Would you please copy the entries exactly, leaving every picture aside?

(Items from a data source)
****************************************

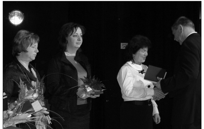
Az elismerésben részesült pedagógusok

hogyan tanulóikat a műveltség megszerzésének helyes útjára vezessék. A pedagógusi pálya nem könnyű, ha kívülről annak látszik is. A szakma nagyobb megbecsülést érdemelne a társadalom részéről, hiszen elsősorban a pedagógus feladata az, hogy a rábízott gyermekekből kiváló tulajdonságokkal rendelkező személyiségeket és
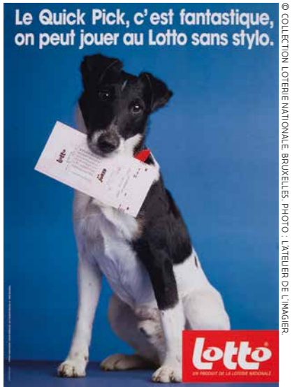
L'affiche Quick Pick, agence Lowe Troost, 1993.
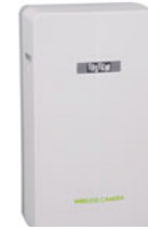
<ワイレスドアカメラ部>

「モニッコ」は、ドアスコープの室内側にカメラを取り付け、玄関前の映像を室内用小型カラーモニターへワイヤレスで送信し、手軽に確認できるシステムです。工事が不要で、自分で簡単に取外しができます。室外側には取り付け機器がないため、テレビドアホンを後付け工事できない、賃貸アパート・マンションにも最適です。玄関ドアへ設置するワイレスドアカメラ部は、一般的な玄関ドアの多くに取り付けが可能で、また、電源を乾電池(単3形アルカリ乾電池×3本)とすることで、コンセントなどへの配線も一切不要です。別売のオプションで、ワイヤレス室内用カメラを増設(最大3台まで)可能です。睡眠中のお子様の状況を、離れたリビングなどから、簡単にカメラを切り替えて確認することができます。「モニッコ」は、事前に顔を確認してから対応できるので防犯面でも安心です。また、ドアスコープに背が届かない小さなお子様の留守番の際や、ご年配の方にも適しています。

****************************************

> [RESULT BELOW]
Az elismerésben részesült pedagógusok

hogyan tanulóikat a műveltség megszerzésének helyes útjára vezessék. A pedagógusi pálya nem könnyű, ha kívülről annak látszik is. A szakma nagyobb megbecsülést érdemelne a társadalom részéről, hiszen elsősorban a pedagógus feladata az, hogy a rábízott gyermekekből kiváló tulajdonságokkal rendelkező személyiségeket és
L'affiche Quick Pick, agence Lowe Troost, 1993.
<ワイレスドアカメラ部>

「モニッコ」は、ドアスコープの室内側にカメラを取り付け、玄関前の映像を室内用小型カラーモニターへワイヤレスで送信し、手軽に確認できるシステムです。工事が不要で、自分で簡単に取外しができます。室外側には取り付け機器がないため、テレビドアホンを後付け工事できない、賃貸アパート・マンションにも最適です。玄関ドアへ設置するワイレスドアカメラ部は、一般的な玄関ドアの多くに取り付けが可能で、また、電源を乾電池(単3形アルカリ乾電池×3本)とすることで、コンセントなどへの配線も一切不要です。別売のオプションで、ワイヤレス室内用カメラを増設(最大3台まで)可能です。睡眠中のお子様の状況を、離れたリビングなどから、簡単にカメラを切り替えて確認することができます。「モニッコ」は、事前に顔を確認してから対応できるので防犯面でも安心です。また、ドアスコープに背が届かない小さなお子様の留守番の際や、ご年配の方にも適しています。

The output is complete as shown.